Supplied records —
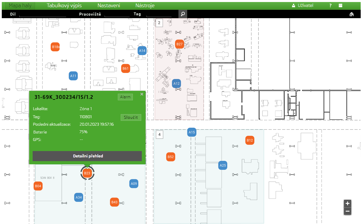 Na mapě vidíte v reálném čase, kde se který pracovník (TAG) nachází i s mnoha dalšími parametry.
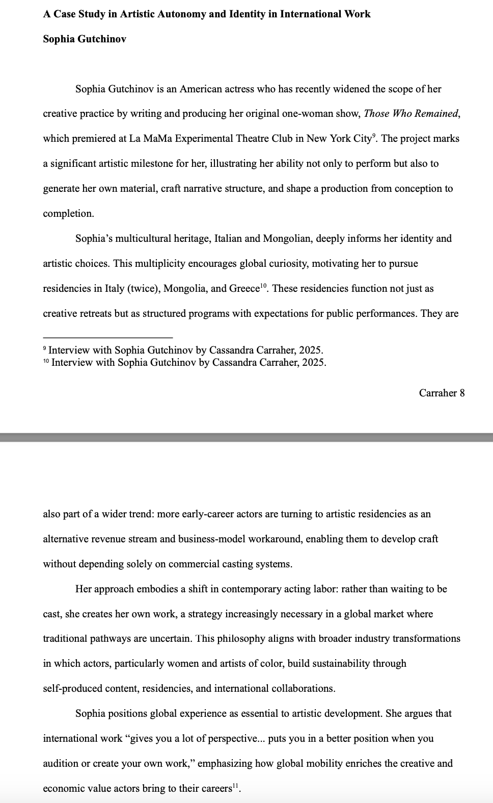 Sophia was part of this research paper by Cassandra Carraher about actors working abroad, including the challenges and benefits to being international! Also featured here are Timothée Chalamet and Song Kang-ho! Carraher also recently completed her internship at Breakdown Services/Actors Access. She currently studies at UCLA for her Bachelor of Arts in the Music Industry program.
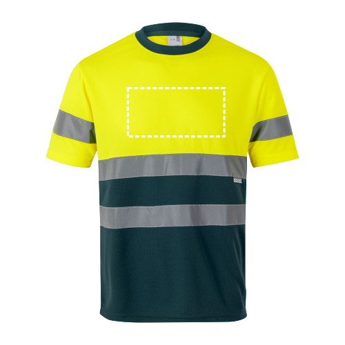 Two-tone bird-eye technical T-shirt (140g/m²), in polyester (100%). Kurze Ärmel, mit geripptem Rundhalsausschnitt in Kontrastfarbe. Reflektierende Streifen auf dem Rumpf und den Ärmeln. Produkt gemäß EU-Verordnung 2016/425, zertifiziert nach EN20471 und Klasse Nº 1. Größe: 4XL,5XL
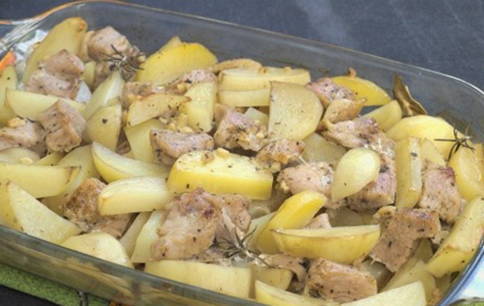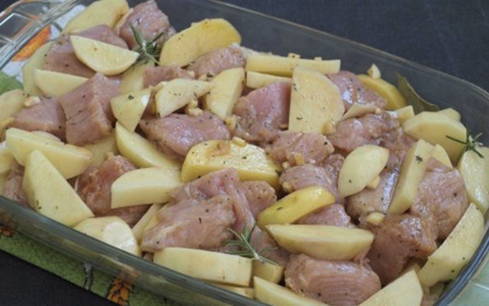 Een andere manier om een sappige gebakken kalkoen met aardappelen te maken. De eenvoud van dit gerecht zit in de weinige ingrediënten en de gemakkelijke bereidingswijze.
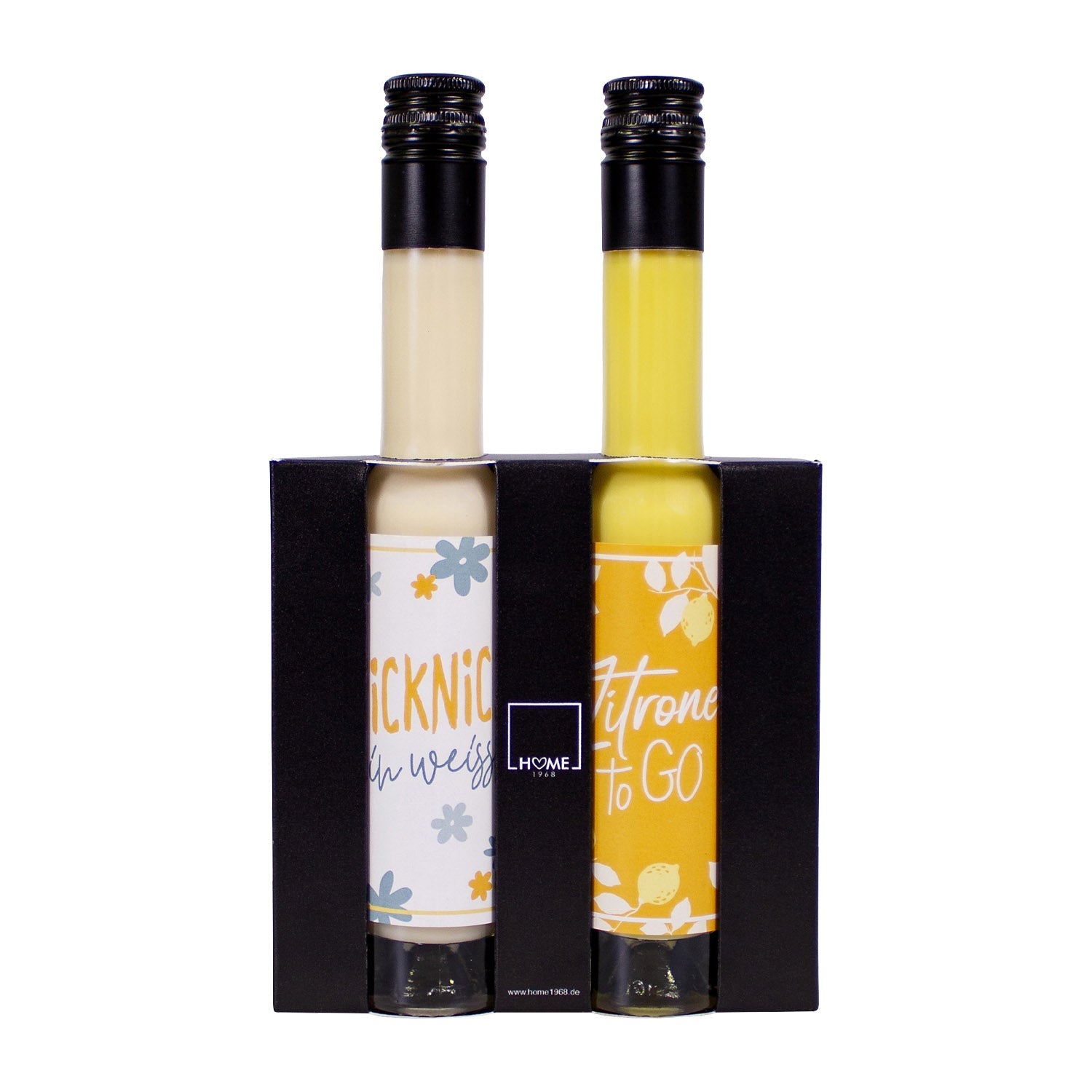 Inhalt: je 0,1l: Picknick in weiss, Ananas-Kokos Sahnelikör, Zitrone to go, Limoncello Sahnelikör
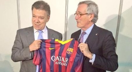 Tanto al presidente de Colombia, Juan Manuel Santos, como al hijo del alcalde de Río de Janeiro Trias les ha regalado una camiseta del primer equipo del Barcelona, como revela la cuenta de Twitter oficial de la delegación de la Generalidad de Cataluña en los Estados Unidos, que publica la fotografía.
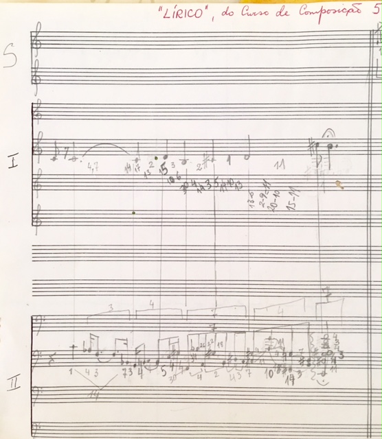 A seguir, apresento a partitura para "Lírica Espacial" (ou com o nome original de "Lírico"), exemplificando o esquema de notação adotado. Eis a sua Introdução:
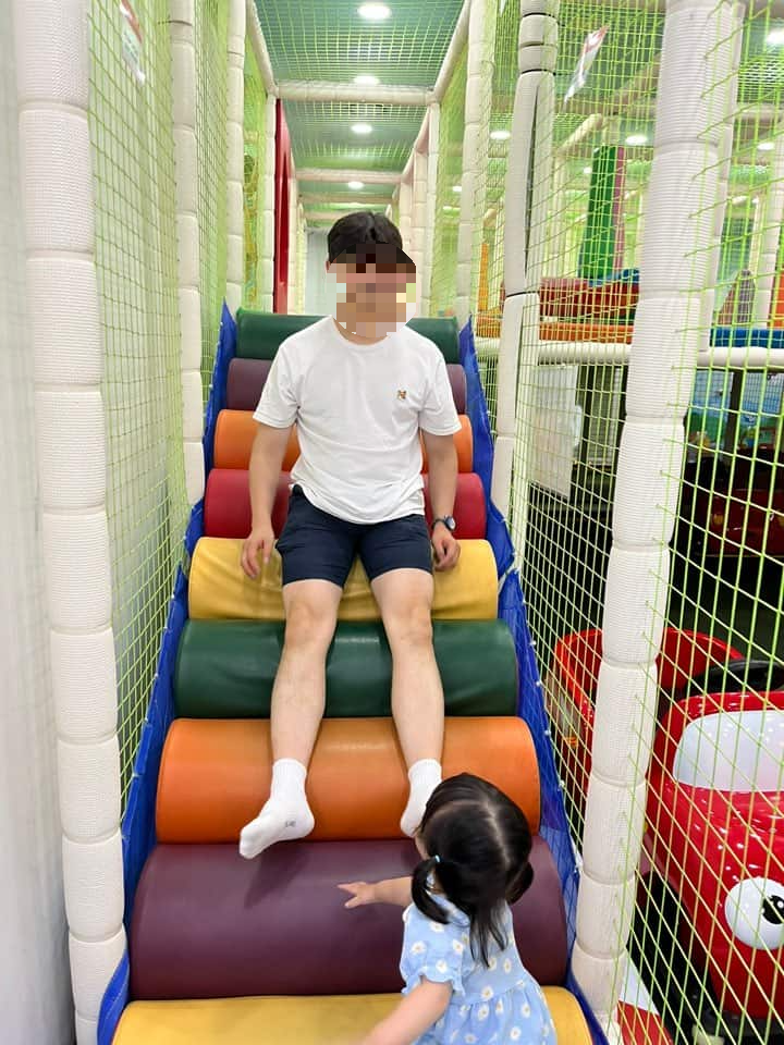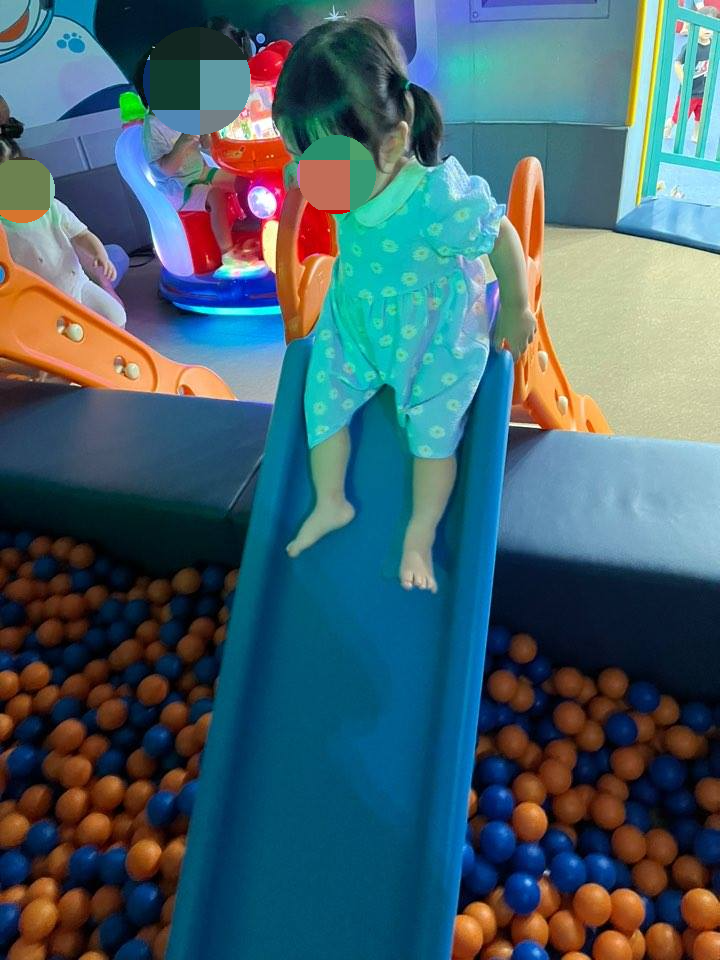 미끄럼틀을 타고 볼풀장에 빠지는 게

What is required — Each line from the line containing "Tanto al presidente" through the last line above must be written out exactly, and every picture must be omitted.

Answer to this task —
 Tanto al presidente de Colombia, Juan Manuel Santos, como al hijo del alcalde de Río de Janeiro Trias les ha regalado una camiseta del primer equipo del Barcelona, como revela la cuenta de Twitter oficial de la delegación de la Generalidad de Cataluña en los Estados Unidos, que publica la fotografía.
 A seguir, apresento a partitura para "Lírica Espacial" (ou com o nome original de "Lírico"), exemplificando o esquema de notação adotado. Eis a sua Introdução:
 미끄럼틀을 타고 볼풀장에 빠지는 게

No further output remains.